[DATA EXTRACT Boundary: Start]
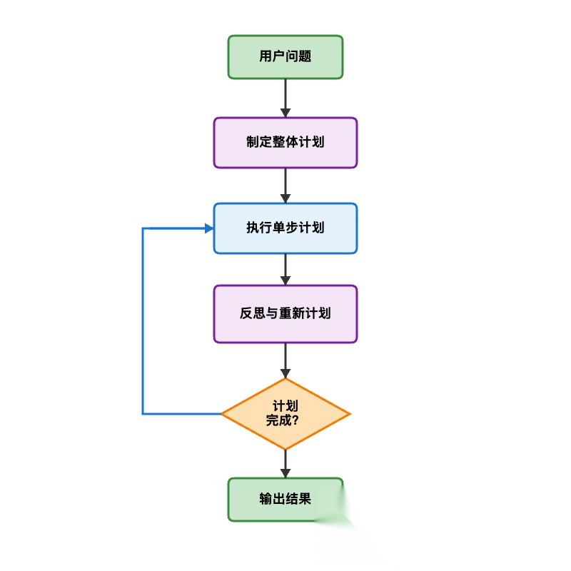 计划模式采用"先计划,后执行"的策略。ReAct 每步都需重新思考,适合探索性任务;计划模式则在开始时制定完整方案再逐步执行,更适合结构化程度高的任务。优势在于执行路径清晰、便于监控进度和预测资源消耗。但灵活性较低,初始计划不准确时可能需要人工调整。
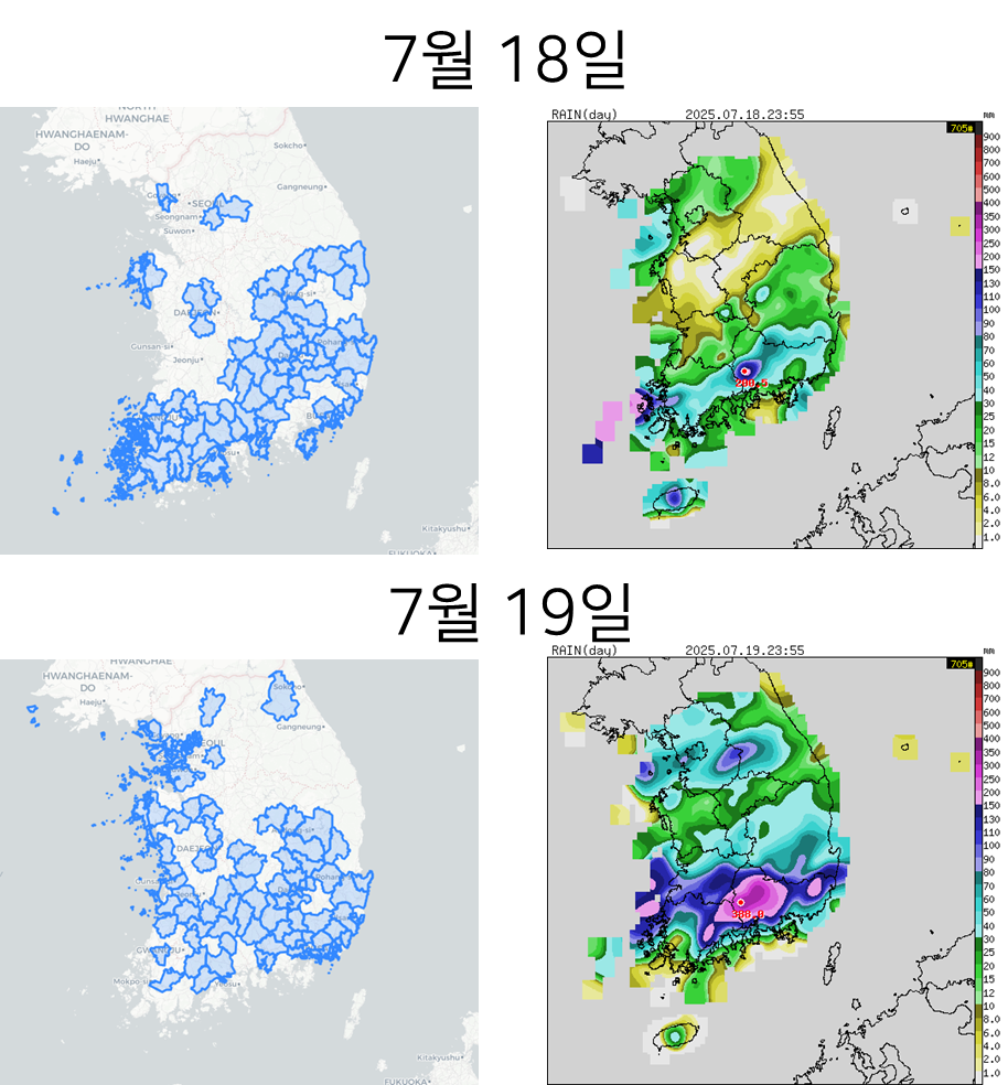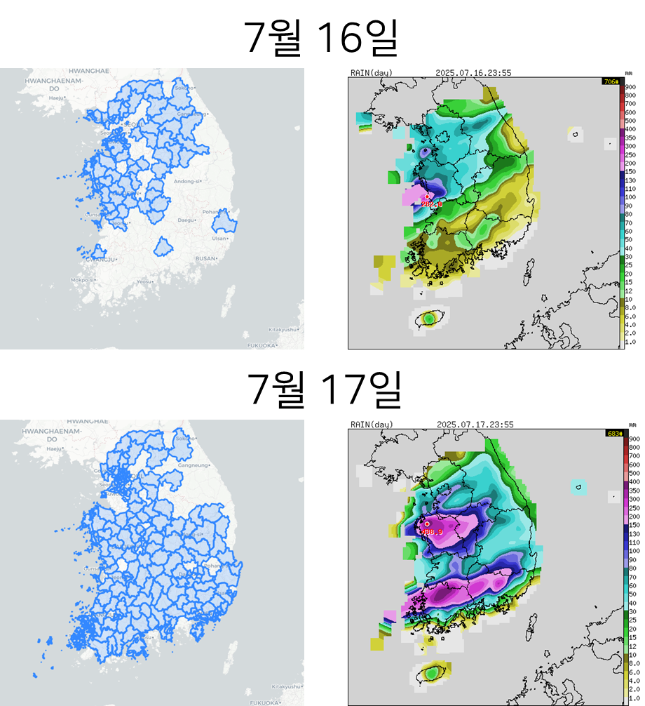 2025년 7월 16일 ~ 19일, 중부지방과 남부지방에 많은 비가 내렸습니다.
[DATA EXTRACT Boundary: End]
[DATA EXTRACT Boundary: Start]
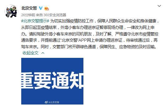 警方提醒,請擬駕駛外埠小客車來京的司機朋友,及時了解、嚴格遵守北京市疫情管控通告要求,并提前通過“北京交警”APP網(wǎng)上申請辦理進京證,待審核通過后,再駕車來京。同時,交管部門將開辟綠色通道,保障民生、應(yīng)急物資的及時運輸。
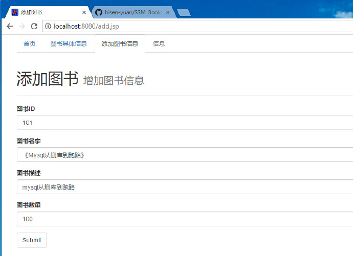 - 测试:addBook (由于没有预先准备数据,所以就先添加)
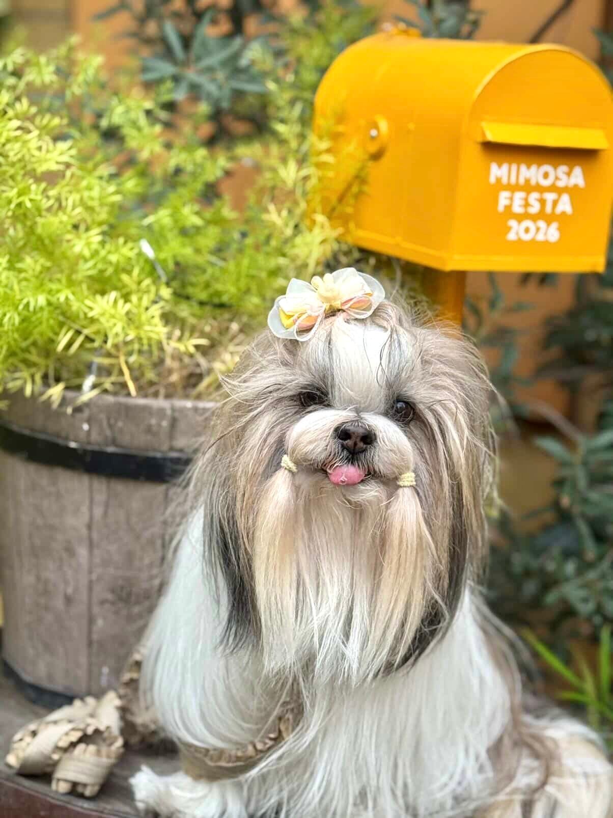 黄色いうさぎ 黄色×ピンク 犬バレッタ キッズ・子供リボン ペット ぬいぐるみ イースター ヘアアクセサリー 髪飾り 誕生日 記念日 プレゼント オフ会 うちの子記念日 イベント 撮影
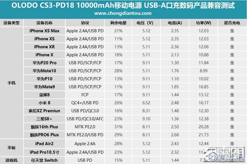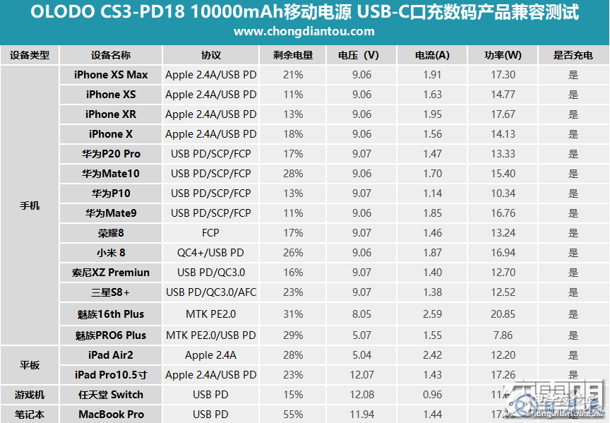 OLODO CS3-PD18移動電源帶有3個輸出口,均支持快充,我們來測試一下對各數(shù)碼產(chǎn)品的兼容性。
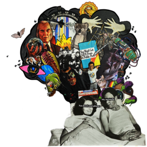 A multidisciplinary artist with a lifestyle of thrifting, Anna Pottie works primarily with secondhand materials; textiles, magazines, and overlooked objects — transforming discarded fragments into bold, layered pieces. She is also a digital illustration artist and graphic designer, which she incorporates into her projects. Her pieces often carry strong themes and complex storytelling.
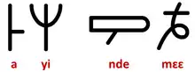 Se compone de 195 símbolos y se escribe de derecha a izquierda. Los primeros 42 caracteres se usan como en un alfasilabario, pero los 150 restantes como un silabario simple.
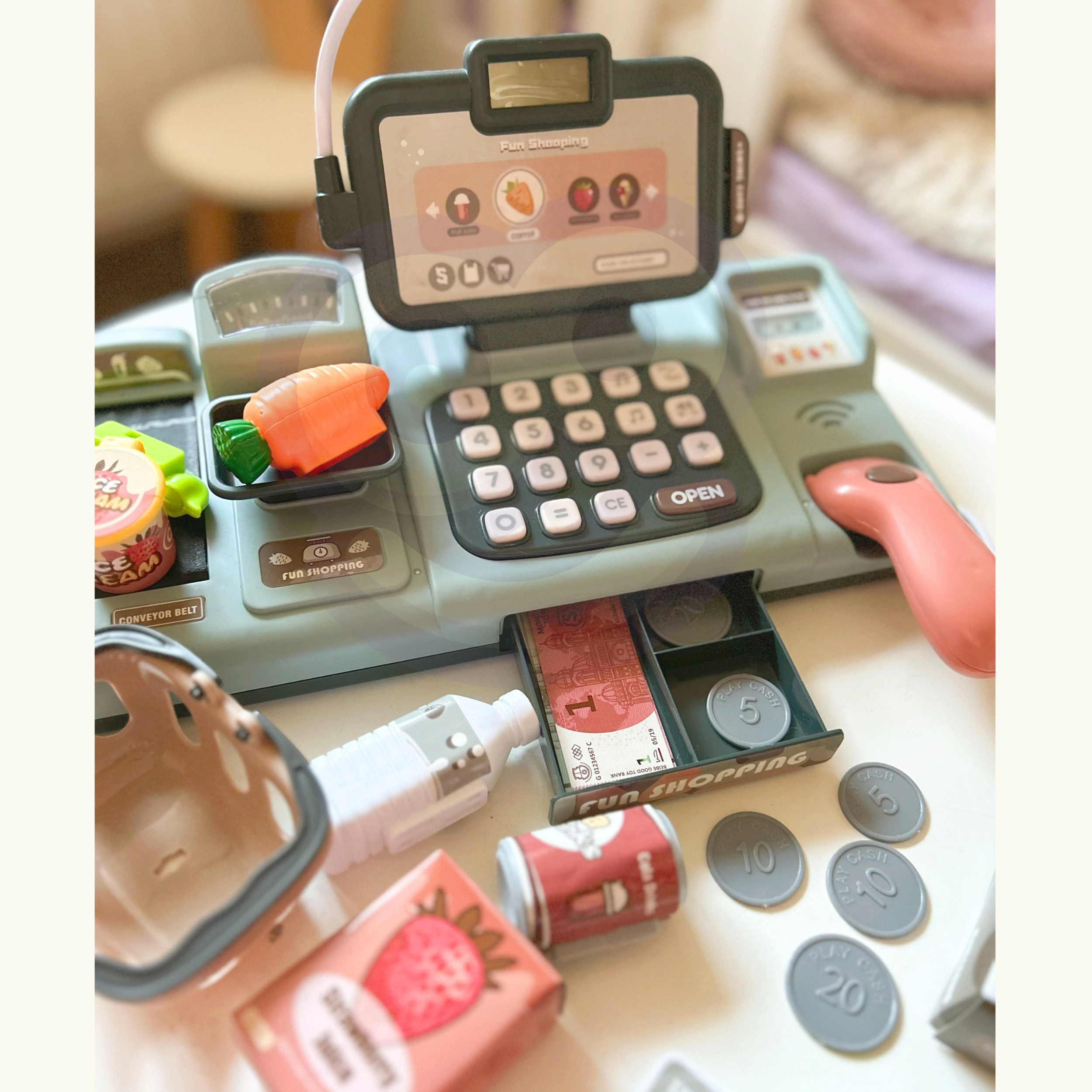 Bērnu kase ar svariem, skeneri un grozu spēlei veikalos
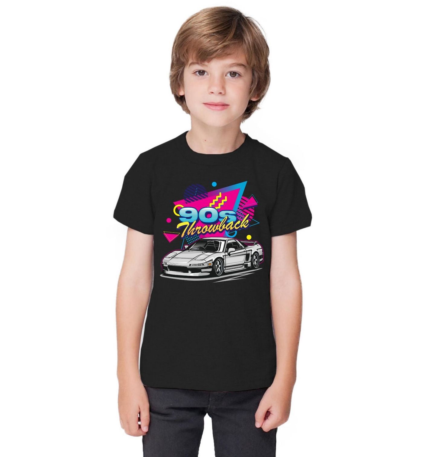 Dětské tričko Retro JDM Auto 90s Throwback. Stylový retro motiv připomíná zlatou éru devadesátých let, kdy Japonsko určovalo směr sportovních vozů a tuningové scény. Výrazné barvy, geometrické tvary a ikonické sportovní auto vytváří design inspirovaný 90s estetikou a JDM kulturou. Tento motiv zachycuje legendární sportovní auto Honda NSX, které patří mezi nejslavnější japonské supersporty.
[DATA EXTRACT Boundary: End]
## TASK DETAILS
Would you copy the lines above exactly, starting with the one that has "警方提醒,請擬駕駛外埠小客車" and ending with the one that has "OLODO CS3-PD18", both included, without the pictures?

## ANSWER SECTION
 警方提醒,請擬駕駛外埠小客車來京的司機朋友,及時了解、嚴格遵守北京市疫情管控通告要求,并提前通過“北京交警”APP網(wǎng)上申請辦理進京證,待審核通過后,再駕車來京。同時,交管部門將開辟綠色通道,保障民生、應(yīng)急物資的及時運輸。
 - 测试:addBook (由于没有预先准备数据,所以就先添加)
 黄色いうさぎ 黄色×ピンク 犬バレッタ キッズ・子供リボン ペット ぬいぐるみ イースター ヘアアクセサリー 髪飾り 誕生日 記念日 プレゼント オフ会 うちの子記念日 イベント 撮影
 OLODO CS3-PD18移動電源帶有3個輸出口,均支持快充,我們來測試一下對各數(shù)碼產(chǎn)品的兼容性。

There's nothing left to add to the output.